*** PROVIDED MATERIAL

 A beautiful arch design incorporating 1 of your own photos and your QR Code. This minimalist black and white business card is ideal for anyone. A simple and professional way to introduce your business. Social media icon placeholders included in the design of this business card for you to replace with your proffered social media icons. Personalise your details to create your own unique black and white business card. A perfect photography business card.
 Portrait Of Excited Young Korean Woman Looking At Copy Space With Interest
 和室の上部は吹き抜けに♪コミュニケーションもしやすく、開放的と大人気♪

******
*** PROVIDED MATERIAL

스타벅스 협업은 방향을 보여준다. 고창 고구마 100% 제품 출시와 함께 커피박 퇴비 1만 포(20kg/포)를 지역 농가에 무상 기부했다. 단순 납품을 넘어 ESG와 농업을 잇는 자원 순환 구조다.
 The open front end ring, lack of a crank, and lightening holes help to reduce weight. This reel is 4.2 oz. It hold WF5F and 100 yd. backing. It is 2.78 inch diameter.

******
*** PROVIDED MATERIAL

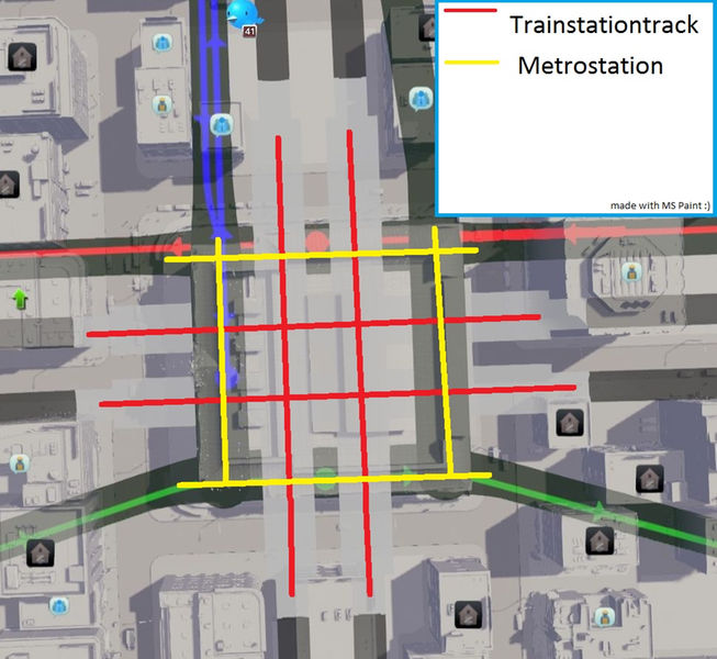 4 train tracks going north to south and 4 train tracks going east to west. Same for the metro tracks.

******

▸ **WHAT IS EXPECTED**
Everything above from the line containing "Portrait Of Excited" down to the line containing "和室の上部は吹き抜けに♪コミュニケーションもしやすく、開放的と大人気♪" is to be transcribed exactly, with both of those lines included and nothing else added.

▸ **PROBLEM SOLUTION**
 Portrait Of Excited Young Korean Woman Looking At Copy Space With Interest
 和室の上部は吹き抜けに♪コミュニケーションもしやすく、開放的と大人気♪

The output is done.